Ask anyone involved what the hardest part of this collaboration has been, and they give variations of the same answer. The teams think on fundamentally different timescales, and that is both the source of the tension and the source of the value. Applied teams, as Pretorius describes it, are under pressure to improve things greedily. The curve needs to go up continuously to satisfy clients. This produces steady, incremental progress. Research teams operate on a different logic entirely, one that requires accepting long periods of apparent inactivity in exchange for the possibility of a step change.

“If you want to propose something really new,” Chalumeau says, “that is going to break the previous performance by a large margin, you need to go in depth for several months, maybe more than a year, without bringing any results. You have to accept this.”

In practice, the friction can be felt on both sides, and Pretorius is disarmingly direct about it. From the applied team’s perspective, the research team has been around for six months and hasn’t shipped anything. From the research side, the incremental solutions can feel too small, or the problems require a different kind of thinking altogether.


“If you want to propose something really new, you need to go in-depth for several months, maybe more than a year, without bringing any results. You have to accept this.”

Felix Chalumeau, Senior Research
Engineer, InstaDeep

Most technology companies resolve this tension by eliminating one side. Every resource goes to client-facing work, and the research team shrinks, or becomes a marketing function. Product teams end up fighting fires full-time. All of this can, in the very worst cases, lead to institutional burnout, not just in individuals, but in the product itself, which stops growing because no one has the space for a paradigm shift.

The willingness to let a team disappear into a problem for 18 months is what differentiates InstaDeep’s approach. The research team, as Chalumeau’s work demonstrates, functions as the organisation’s thinking time. DeepPCB consistently handles boards with 500 to 1,000 wires. The commercial sweet spot begins at around 3,000 wires: the complex boards used in smartphones, servers, and aerospace. That gap is the current frontier.
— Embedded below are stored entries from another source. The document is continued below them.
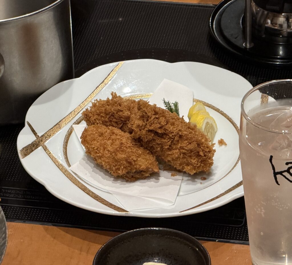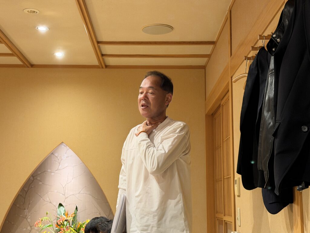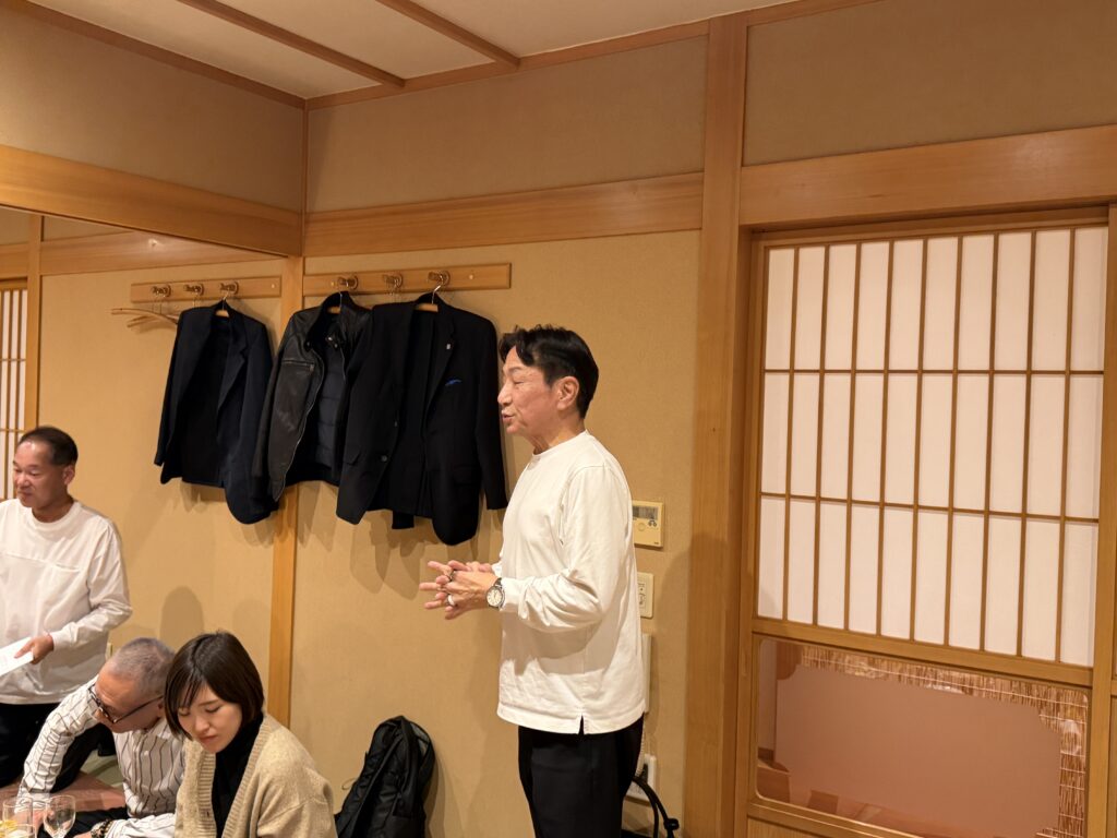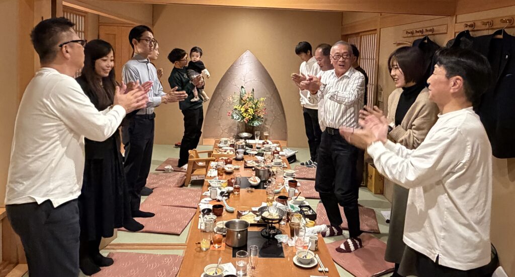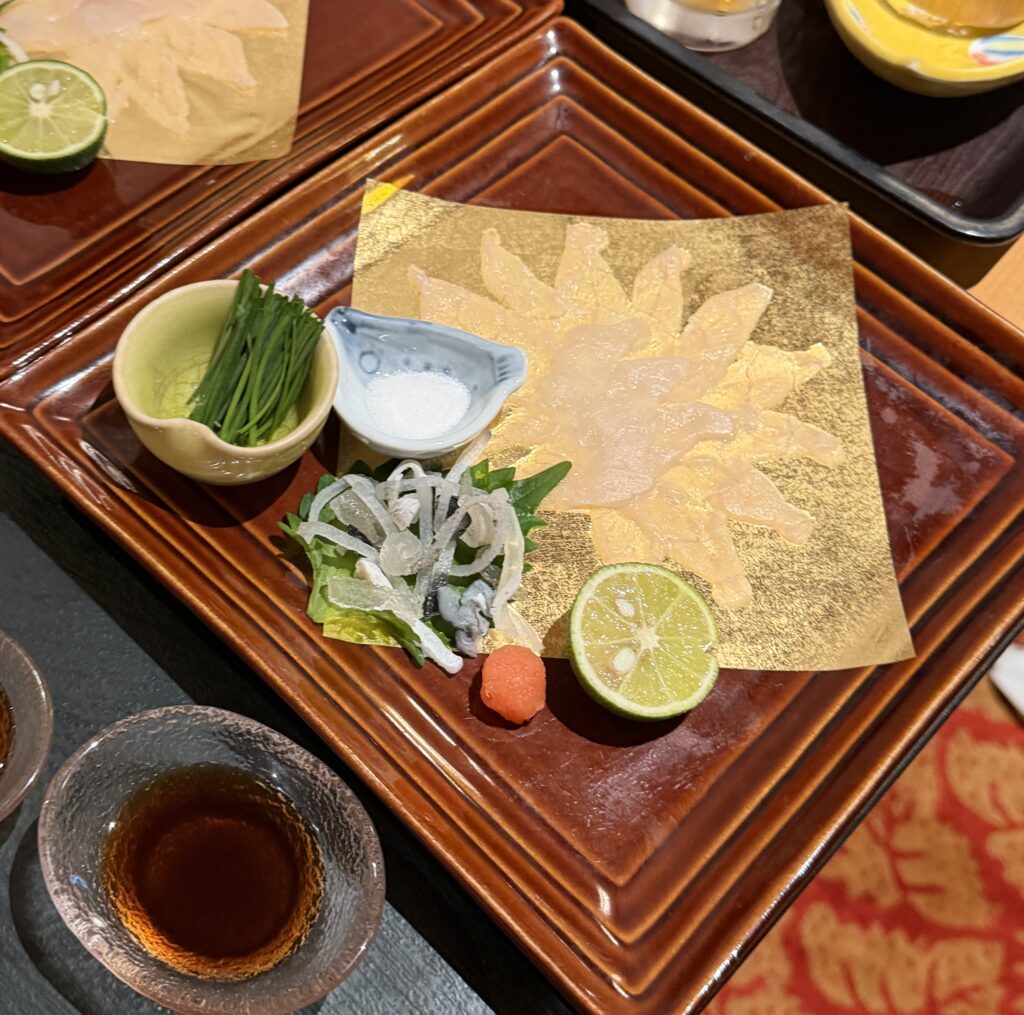 また社長のご厚意でふぐ刺しや大ぶりのカキフライなども追加され 美味しい料理とお酒に場も盛り上がります。
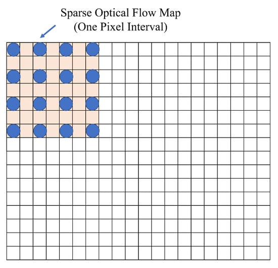 Here, represents the horizontal and vertical difference values of the image at point x. represents the time difference value between adjacent frames at point x. Lucas-Kanade method [] is used to find the displacement v at each position x that minimizes the sum of the squared luminance differences. By differentiating Equation (2) by and setting it to 0, the optimal travel distance is obtained as follows:
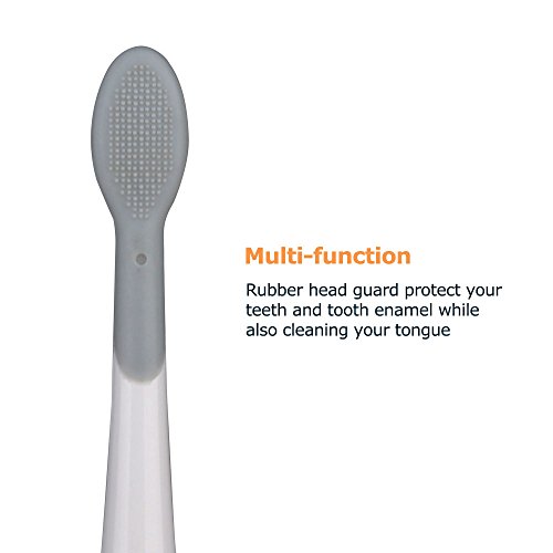 1. Multi-function rubber brush head: Rubber head guard cushions your teeth and tooth enamel while also cleaning your tongue
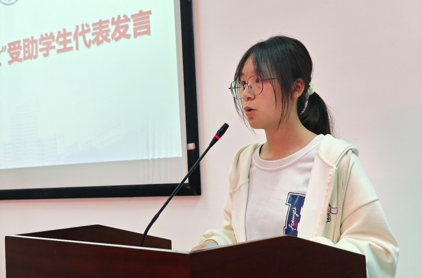 “华星助学金”受助学生代表徐艳雪向学校和校友们表达了感恩之情,并表示以后将要勤勉务实、努力学习,不负期望。“陈琛奖学金”获奖学生代表陈晓晴感恩校友们的善举及其温暖的奖励,向师生汇报了自己的学习成果,并展示对未来学习生活奋力拼搏的坚定决心。
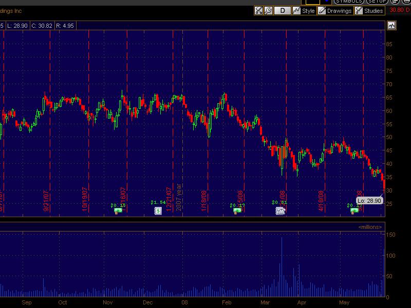 Well, whatever is going on, the stock market sure doesn't like it. Rumors that LEH used the window again, denial by LEH, rumors that LEH is considering raising capital by issuing more common (haven't seen a denial), even some rumors that there's a run on LEH.
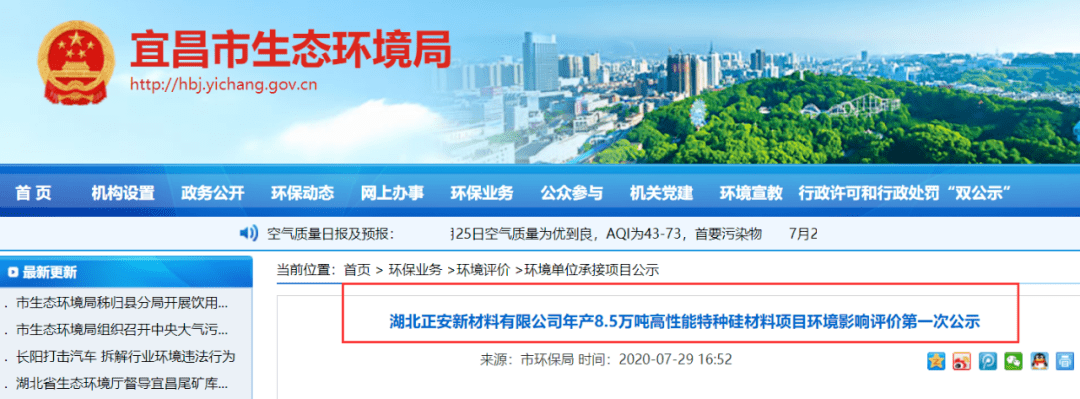 昨日,宜昌市生态环境局发布了湖北正安新材料有限公司年产8.5万吨高性能特种硅材料项目环境影响评价第一次公示。
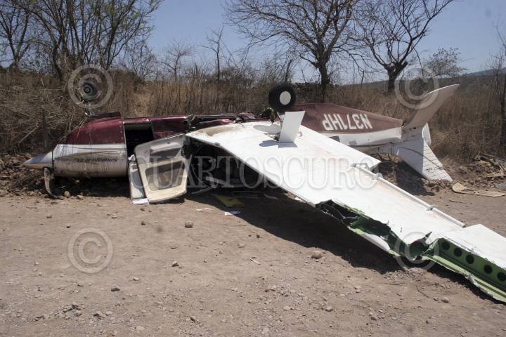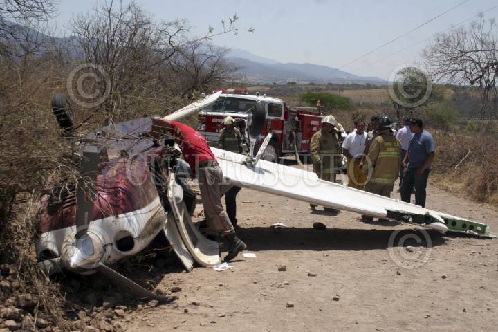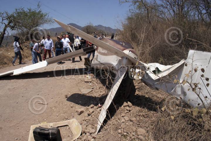 AMECA, JALISCO, 30MAYO2013.- Esta mañana alrededor de las 8:30 horas una avioneta que salió de Puerto Vallarta y que tenia como destino la ciudad de Guadalajara, se desplomó en el poblado de Laguinillas del municipio de Ameca, el piloto falleció y otros cuatro tripulantes resultaron heridos. La aeronave siniestrada es una Piper Saratoga 2002, con la placa de circulación N371HP y tiene un costo promedio de 300 mil dólares. De acuerdo con el dueño de la avioneta, hace 40 días recibió mantenimiento general, por el cual pagó la cantidad de 30 mil dólares, a una empresa norteamericana. FOTO: FERNANDO CARRANZA GARCÍA /CUARTOSCURO.COM
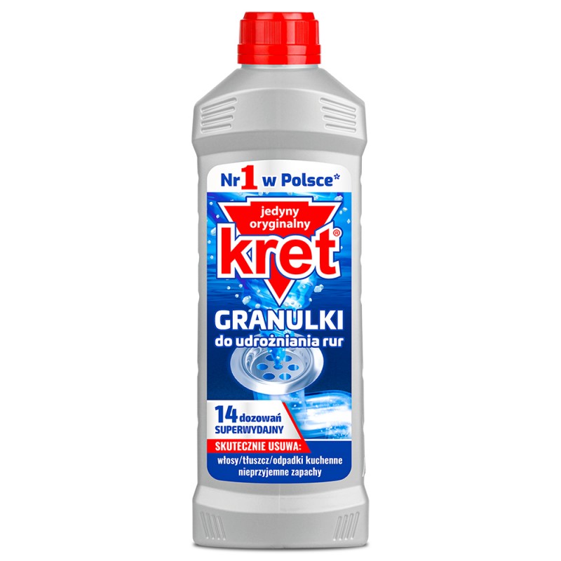 Najchętniej wybierany przez Polaków środek do udrażniania kanalizacji. Oryginalny KRET do RUR w postaci rozpuszczalnych granulek. Bezwzględny dla zatorów w rurach i syfonach, w kuchni i łazience. Natychmiastowo przywraca drożność instalacji w domu. Skutecznie usuwa nieprzyjemne zapachy z odpływów. Opakowanie 560 g na 14 dozowań.

The bottleneck, Pretorius explains, is speed. Now COMPASS is working in the DeepPCB engine. But the engine is complex and high-fidelity, and running thousands of inference attempts through it is slow. “If you could wave a wand and make everything a thousand times faster, we would be solving industrial problems that are currently considered untouchable.” Speed, in other words, is not just a performance metric: it’s what determines how complex a board the system can tackle.

There is also the question of quality. A board must not merely work; it must look right to an experienced engineer. It must handle crosstalk and thermal management with an elegance that veteran designers recognise instinctively. Even a technically valid board can carry the hallmarks of a system that doesn’t quite understand what it’s doing. That last mile of craft is what the team is still working toward. Pretorius describes the trajectory as a slow exponential curve. For a long time, very little appears to be happening. Then it picks up. He is optimistic about the first half of this year. “I think it’s doable,” he says. “If we really put our heads down and focus.”

The same feedback loop that built DeepPCB is now being applied more broadly. Lecat, from his new position in commercial strategy, is watching it replicate in the bio and agri-tech sectors too. The pattern is the same: business identifies a market need, domain experts define the constraints, research builds the mathematics to solve it, and the results inform the next cycle of research.

“Input from research helps product,” Lecat says, “input from product helps research. That’s the only way we can outpace everyone else. This story has been told since the early days of InstaDeep. But in the past, there was such a gap between the teams that it didn’t get put into practice.” He paused. “What I love seeing now is that this isn’t true anymore.”